When a polymer gets stuck, you will end up with less than $N$ polymers beyond a certain length. Eq. (2) then still works: either you exclude these polymers from the sum, or you include them, but with weight 0 - both approaches give the same result.

Why the weighted average¶

The remarkable difference to other Monte Carlo methods is that the average in Eq. (2) is a weighted average. So where do these weights come from?

To answer this question, we have to compare the probability distribution with which we actually sample polymers, $P_\text{sample}$ , to the probability distribution with which we should sample, $P_\text{real}$ .

The probability of a polymer in the Rosenbluth method is given by $P_\text{sample}(\mathbf{r}_{k,1}, \dots, \mathbf{r}_{k,L}) = \prod_{i=1}^L \frac{1}{m_{k, i}} = \frac{1}{w_k^{(L)}}\,,$ as evident from the growth procedure. However, in our model we said every polymer should have the same probability, and the correct probability would be given as $P_\text{real}(\mathbf{r}_1, \dots, \mathbf{r}_L) = \frac{1}{T_L}\,$ where $T_L$ is the total number of possible polymers with length $L$ . These two probabilities differ: growing the polymer does not make them with equal probability, but biases them as adding a new subunit depends on the previous steps.

So we are sampling with a distribution that only approximates the real probability distribution.

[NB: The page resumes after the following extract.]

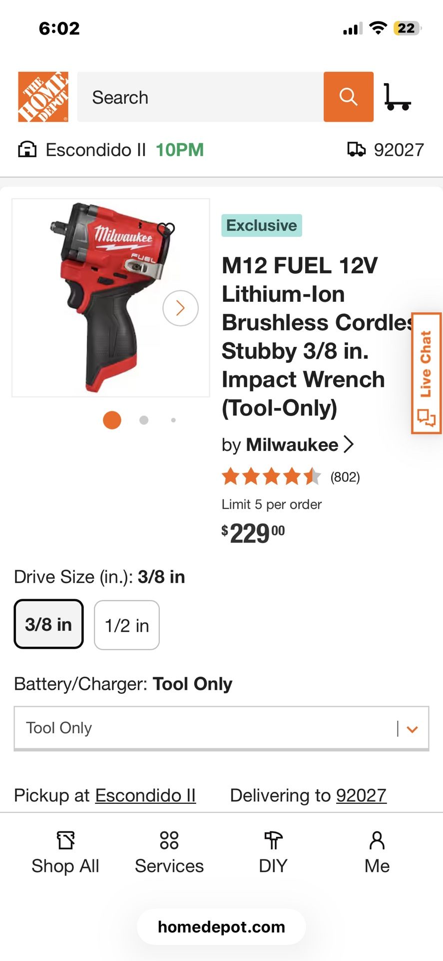 New version used twice with protective boot cover , never dropped , selling cuz I need a 1/2 inch one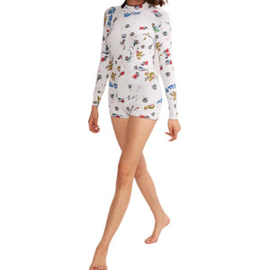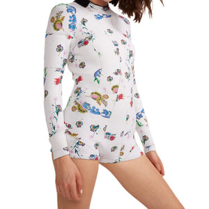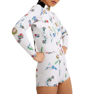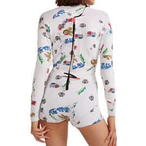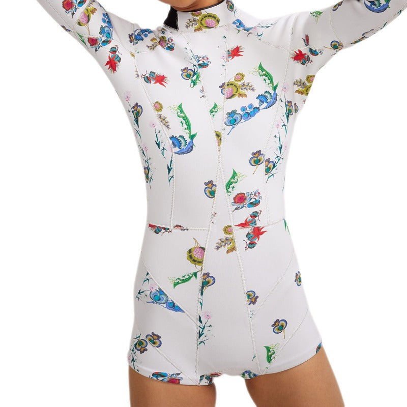 Our wetsuits are made from 2.0 MM Fiber-Lite Neoprene with durable bonded seams and coverstitch detail. They feature a covered back zip with a nylon pull, a secure Velcro closure at the neck, and a zip coin pocket on the lower back. The stylish polka dot design provides SPF 50+ protection. The shell is 100% nylon, while the trim is 80% nylon and 20% spandex. For care, hand wash and hang to dry.

This an example of approximate importance sampling, and accordingly we find that the average is given as: $\langle r^2(L)\rangle \approx \frac{1}{N} \sum_{k=1}^N \frac{P_\text{real}}{P_\text{sample}} r_k^2(L) = \frac{1}{N}\sum_{k=1}^N \frac{w_k^{(L)}}{T_L} r_k^2(L)= \frac{1}{N} \frac{1}{T_L} \sum_{k=1}^N w_k^{(L)} r_k^2(L) \tag{3}$ However, we still don't know $T_L$ exactly - we need to estimate it. To this end we can make use of a rather trivial exact identity: $T_L = \sum_\text{all SAW(L)} 1 = \sum_\text{all SAW(L)} P_\text{sample} \frac{1}{P_\text{sample}}$ where "sum over all SAW(L)" now denotes the sum over all possible self-avoiding walks of length $L$ . As previously mentioned we cannot do this sum exactly. However, from the last identity, we see that $T_L$ is also equal to the expection value of $\frac{1}{P_\text{sample}}$ when we sample according to $P_\text{sample}$ . So in other words, it is the expectation value of $\frac{1}{P_\text{sample}}$ computed from the paths we generate with our Rosenbluth method. Hence, we can estimate it with our Monte Carlo method as: $T_L \approx \frac{1}{N} \sum_{k=1}^N w_k^{(L)} \tag{4}$ Plugging (4) into (3) then yields the weighted average from Eq. (2): $\langle r^2(L) \rangle = \frac{ \sum_{k=1}^N w_k^{(L)} r^2_{k}(L)}{\sum_{k=1}^N w_k^{(L)}}\,.$

A more detailed analysis, including a discussion of biases that goes beyond the lowest order approximation used here, can be found in F. L. McCrackin, J. Res. NIST 76B, 193 (1972).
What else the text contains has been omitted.